Still now the house has chimney pots once more after decades without and work starts on the kitchen in a week or two, we are finally moving in the right direction.  The oak floor has been laid in the hallway and the plasterers have skimmed for the next phase.  My very brilliant electrician has had the patience of a saint especially as he isn’t being paid (he’s my Daddy) and I take my hat off to the kitchen cabinet makers who turned up for a last measure up and ended up redesigning the whole kitchen to fit in my new fridge!  I promise I’m not the renovation equivalent of Bridezilla – it’s just that this whole project managing thing is hard work and making decisions on the turn of a sixpence is starting to take its toll.  Each little step forward Jerry and I take, has been about trying to faithfully preserve the past whilst bringing the farmhouse back into the 21st century.  Replumbing, rewiring, rebuilding – there isn’t a ‘re’ we haven’t had to sort out.  So you’ll have to forgive me, dear Reader, if I sound a teensy weensy bit of a nightmare renovator but I simply can’t wait for the woodburners to go in and for the boiler to be fired up for the first time.  The house is in desperate need of drying out and we are definitely in need of something cosy on our little building site, rather than relying on vast quantities of wine and gin to warm us in the evenings when the girls are tucked up in bed with the oil filled radiators on.

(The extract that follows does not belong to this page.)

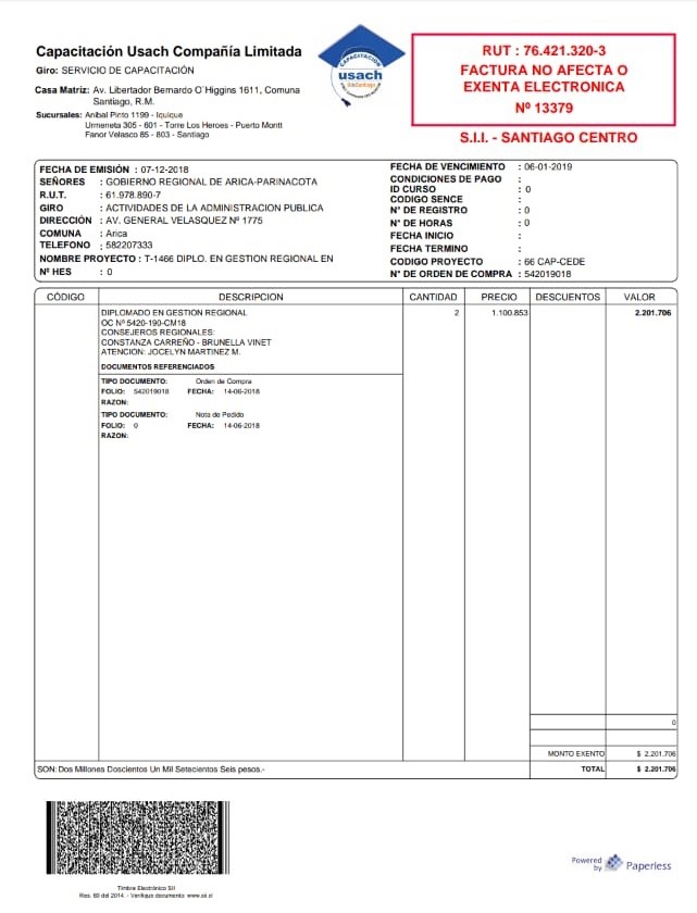 Lee también: Emprendedora revela cómo Iris Salaberry pedía coimas a otros trabajadores para acceder a feriasMás tarde, el mismo año fue beneficiada nuevamente con un diplomado de Gobierno y Gestión Pública en la Universidad Alberto Hurtado. En dicha ocasión se trató de la única funcionaria en todo el servicio a quien se envió a un diplomado pagado por el Gobierno Regional, nuevamente con gastos cubiertos en pasajes aéreos y viático.

With visions of cosiness in mind, I thought it was high time I was rescued from the drudgery of endless tea runs and placating of builders to try out a rather lovely bit of book post which landed on the mat – The Kilner Cookbook.

Kilner has long been synonymous with storing, pickling and preserving seasonal bounty.  Around since 1842, Kilner jars have adorned pantries, larders and kitchen cupboards in almost every household I’ll be bound, dear Reader.  Not just for bottling up pickles, chutneys, preserves and jams, Kilner’s classic clip top pressure sealed jars can be used to cook and store any kind of food or drink.  I’ll bet that you have at least one or two of these glorious jars lurking in your own kitchen, dear Reader.  Such is Kilner’s success.

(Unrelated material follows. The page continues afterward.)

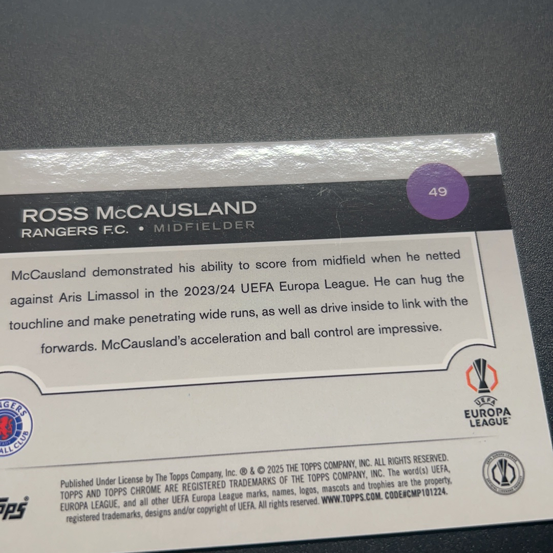 2024-25 Topps chrome 蓝宝石 Ross McCausland 罗斯 麦考斯兰 流浪者 欧联 30/50编 金碎冰折 卡品如图 介意勿拍

Marking their 175th anniversary, I found Kilner’s new cookbook to be jam-packed (you’ll excuse the pun I’m sure dear Reader) with recipes to create, make and store so picking out one recipe to share with you was rather a difficult task.  Soups and bircher muesli, cordials and cocktails, layered salads and slaws – honestly, you’d be surprised at how many different ways you can put the humble Kilner to work, dear Reader.  However, misty autumn mornings require sunshine in the kitchen especially if you are cooking on a camping stove and nothing promises that more than a spot of homemade lemon curd.

The recipe in The Kilner Cookbook is simple enough even for the beginner cook and takes next to no time at all.  The only thing you have to watch is the heat under the bowl, otherwise you’ll end up with lemony scrambled egg rather than unctuous lemon curd.  Whisk away and you’ll witness the marvellous alchemy in the bowl as the curd thickens.  Mouthwatering zinginess – perfect for hot buttered toast, scones or crumpets, spooned over Greek yoghurt with hedgerow blackberries before the birds take them all, added to a lemon meringue pie or spread generously in the middle of a Victorian sponge.  The possibilities are endless and it will keep for up to 2 weeks in a Kilner jar in the fridge.

Whilst waiting for the toaster to ping, I set about perusing the book for other gems within its 100 recipes which aim to help us preserve more and reduce food waste.  Imagine my delight when I realised that Kilner have added a spiralizer jar, cocktail shaker, coffee grinder and a butter churner to their vast range too.  175 years on and this Yorkshire born brand with its patented vacuum seal system is still going strong, with plenty more innovative products to boot.  The thought of homemade butter whisked up in a jiffy has already sent me rushing out to add to my Kilner collection.  There’s even a whole host of suggestions for using Kilner jars to make snow globes, lanterns, terrariums and much more on the Kilner website.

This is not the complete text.